A Letter to Professor Sarah Stock

I ask you to search your conscience

To Professor Sarah Stock

Professor of Maternal and Fetal Health, Edinburgh University, 24 October 2022

Dear Professor Stock,

I am writing to you as both a fellow scientist, and as a father of two daughters of childbearing age. The subject of this letter relates to your research on, and endorsement of, the COVID-19 ‘vaccines’ (more properly experimental gene therapies) for treatment of pregnant women against harm to themselves and their unborn children from the SARS-CoV-2 virus.

At Edinburgh University you hold a Personal Chair in Maternal and Fetal Health, a position that brings with it not only prestige, but also tremendous responsibility. Your status means that you are one of the experts to whom government, physicians and members of the general public turn for guidance whenever questions arise about the use of novel medical interventions during pregnancy. In turning to you for advice, they do you great honour. They place their faith in you as a person of integrity, both scientific and moral. They trust that your overriding priority is protecting the safety and welfare of pregnant women and their most precious unborn children. When you recommend a novel medical treatment for pregnant women, the government, physicians and the general public have faith that your advice is based on the very best science alone, untainted by any possible conflicts of interest. The question that I would like you to reflect on as you read this letter is whether their faith in your scientific and moral integrity is justified.

It is widely appreciated, even among those not trained in medicine, that administration of medication during pregnancy brings with it special risks of adverse side effects both to the pregnant mother, and especially to the rapidly developing fetus. Therefore the normal bar for recommending a novel experimental medication in pregnancy has been set very high, involving the analysis of multiple well designed trials lasting up to 10 years or more. The necessity for such trials is evidenced by the salutory experience of thalidomide, which is still clear in the minds of those of my generation who saw its effects on fetal development. In the case of the COVID-19 vaccines, the medical intervention with which we are here concerned, pregnant women were deliberately excluded from the COVID-19 vaccine trials designed to test for safety. This means that there is absolutely no scientific evidence from appropriately designed long term safety trials that the administration of COVID-19 vaccines is safe for either pregnant women or their unborn children.

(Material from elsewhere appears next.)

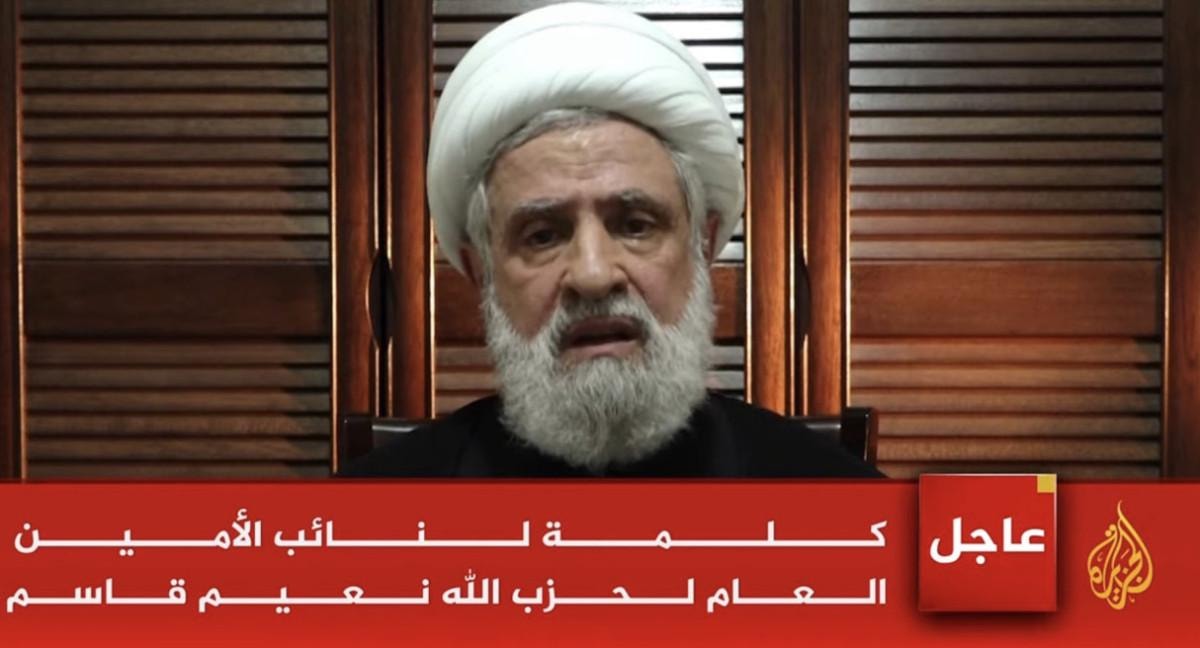İsrail'in Lübnan'a karşı düzenlediği kanlı saldırılara dikkat çeken Naim Kasım, İsrail'in ABD'nin desteği ve tüm imkanlarıyla Lübnan topraklarına ve sivillere saldırdığını, katliam yaptığının altını çizdi.

As a consequence of the lack of the essential long term safety trials, the only data sets available for assessing the effectiveness and safety of COVID-19 vaccines in pregnancy are short term and of limited scope, using observational data derived from opportunistic surveillance of pregnant women who either did or did not accept the vaccine. Such retrospective studies compare populations of vaccinated and unvaccinated mothers that differ in multiple different ways (age, level of social deprivation, timing of vaccination, presence of other health issues etc.). Such studies must take into account all such confounding factors in their analysis if legitimate conclusions are to be drawn.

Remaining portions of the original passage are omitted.